I started looking for other jobs, convinced I could simply move somewhere else and keep building the life we had planned. But the offers I found paid even less than what I was still making. Every morning I found myself wondering:
"Is today the day they cut my salary again? Or worse, let me go?"
The strange part is that, on paper, we were doing well.
We had retirement accounts. We had savings. We owned a rental property. I had been tracking our net worth for years, and if the numbers continued to grow at the same pace, we would probably retire comfortably in our sixties.
But that realization didn't make me feel any safer.
That's when I realized I had been chasing the wrong number.
For years, I thought a bigger net worth would eventually make the anxiety disappear. I figured that once I reached some magical milestone, I would finally relax.
Instead, every time I reached one goal, I moved the goalposts.
I realized what I actually wanted wasn't a bigger number on a balance sheet.
I wanted options.
I wanted to know that if my job disappeared tomorrow, my family would still be okay.
So I started building a spreadsheet.
At first, it simply tracked our net worth. Then I added retirement projections. Then emergency funds. Then debt. Then rental income. Eventually I started tracking something I called "Passive Income Coverage"—the percentage of our monthly life that could be paid for without my paycheck.

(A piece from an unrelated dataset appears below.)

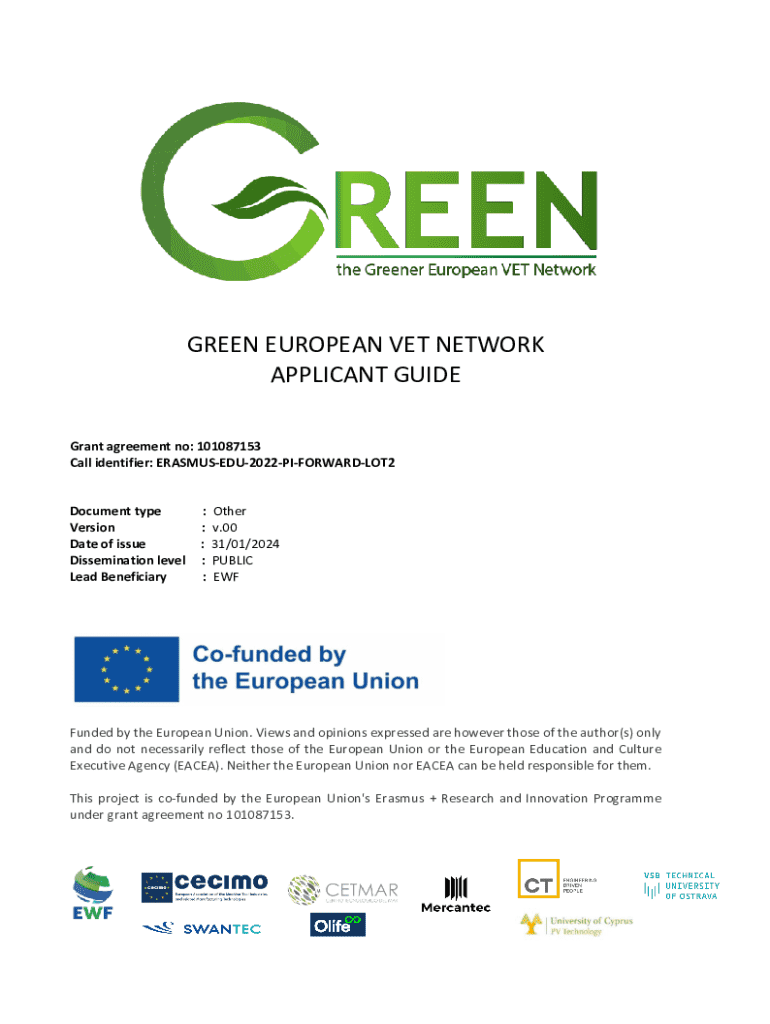 GREEN EUROPEAN VET NETWORK APPLICANT GUIDE Grant agreement no: 101087153 Call identifier: ERASMUSEDU2022PIFORWARDLOT2Document type Version Date of issue Dissemination level Lead Beneficiary: : : :

Slowly, something unexpected happened.
The fear didn't disappear.
But it became measurable.
And once it became measurable, it became manageable.
I stopped asking, "Will I ever have enough?"
Instead, I started asking, "What small step can I take this month to make my family a little more secure?"
I don't have this all figured out. I'm not retired. I don't own ten rental properties. I'm certainly not a financial advisor.
I'm just an ordinary husband and father trying to build a life where one bad day at work doesn't put my family's future at risk.
This website is simply a record of that journey.
Some of the numbers I track I've been following for years. Others I only started measuring recently. None of them are really about becoming rich.
They're about answering one simple question:
If life doesn't go according to plan, will my family be okay?
I will go over these numbers over the next weeks and months to show you why I track them.
And if you're an ordinary family trying to build a little more security for your own future, maybe some of what I've learned along the way will help you too.